Believe it or not, Flotsam and Jetsam are not just the names of Ursula the Sea Witch’s eel cronies in the beloved children’s movie The Little Mermaid. Flotsam and Jetsam are actually names given to sea junk.
You might be quick to put seaweed into the “sea junk” category too. Even the name itself, seaweed, gives the marine plant a negative connotation. Yet seaweed has actually been called “the next superfood” by some. But what can this plant actually offer? Let’s take a closer look.
First off, what is seaweed? You are probably most familiar with the green, black or brown plants that wash up on the beach. According to the National Oceanic and Atmospheric Association, seaweed is the name given to the countless species of marine plants and algae that grow in the ocean and other water bodies. Seaweed varies in size from microscopic to large, underwater kelp forests.
According to the USDA, raw kelp is a good source of calcium (healthy bones), magnesium (important for overall bodily health) and sodium (helps muscles and nerves work properly). Raw kelp is also a good source of vitamin A, important for eyesight and overall eye health, and vitamin K. Vitamin K plays a key role in helping blood coagulation, which is especially important to control bleeding. Aside from basic nutrition benefits, eating seaweed may have a number of other benefits you may not be aware of.

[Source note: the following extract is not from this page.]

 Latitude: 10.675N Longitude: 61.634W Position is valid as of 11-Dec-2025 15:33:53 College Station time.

1. Seaweed can help with diabetes management.
A comprehensive review showed that consuming seaweed can help with diabetes management. It’s low in calories, rich in fiber, and full of micronutrients. How much fiber does seaweed actually pack? Well, 8 grams of seaweed per serving can provide up to 12.5 percent of your daily fiber requirement, which helps blood sugar stabilize throughout the day. Seaweed also delivers functional foods like, such as polyphenols and carotenoids, which can act as antioxidants.

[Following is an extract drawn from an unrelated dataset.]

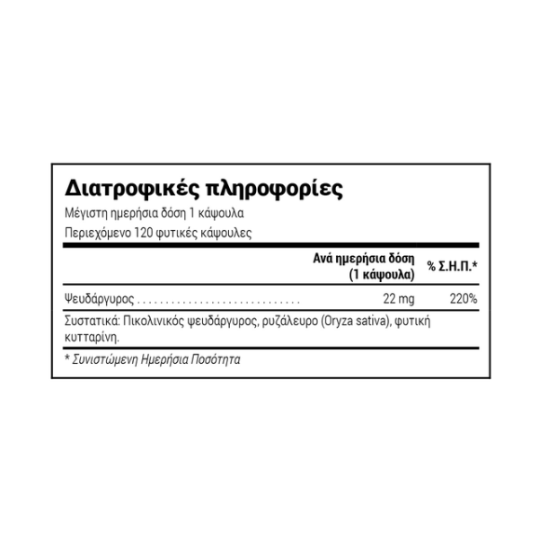 | INGREDIENTS | Supplement Facts – Per daily dose (1 capsule) Zinc – 22mg Free from chemical excipients, artificial colourings, artificial flavors, artificial sweeteners, gluten, gmo's. |

2. Seaweed can be a good source of nutrients, especially for vegetarians.
According to a 2014 study published in the journal Nutrients, nori, a seaweed often used in sushi, is the most suitable plant-based source of vitamin B12. Vitamin B12 is critical for cellular metabolism, brain and nervous systems, and blood formation. Nori also contains high levels of other nutrients that vegetarian diets might be missing, such as iron and some types of polyunsaturated fatty acids. Most sources of Vitamin B12 are animal-derived foods, so for vegetarians, seaweed could be a big boost for getting important nutrients.
3. Seaweed can serve as an iodine supplement.
According to the American Thyroid Association, nearly 40 percent of the world’s population is at risk for iodine deficiency. That can lead to major health problems like goiter, hypothyroidism, and even mental disabilities in children whose mothers didn’t consume enough iodine during pregnancy. The body does not produce iodine on its own, so it is essential to include iodine in your diet.
A recent study found that a variety of seaweed can be a great source of iodine for women. According to the Institute of Medicine (IOM) Recommended Dietary Allowances for iodine, adults over 18 should aim to consume 150 µg (micrograms) of iodine each day. Seaweed iodine content can range from 16 to 3,000 µg per serving, so make sure to check iodine levels. (The IOM has also established a tolerable upper intake level of iodine of 1,100 µg.)
While seaweed is shown to have health benefits, many people aren’t too keen on eating it. It’s just not a food that we’re all used to seeing on our plate. Sure, many types of seaweed aren’t that tasty, but there are ways to incorporate it into your diet. If you’re not a seaweed salad fan, you can use dried seaweeds as an extra ingredient in smoothies, salad dressings, soups, and dips. If you’re looking for a new, nutritious twist, experiment with your favorite recipes. No single food is going to make your diet ‘super,’ but seaweed can be a fun take on your tried-and-true dishes!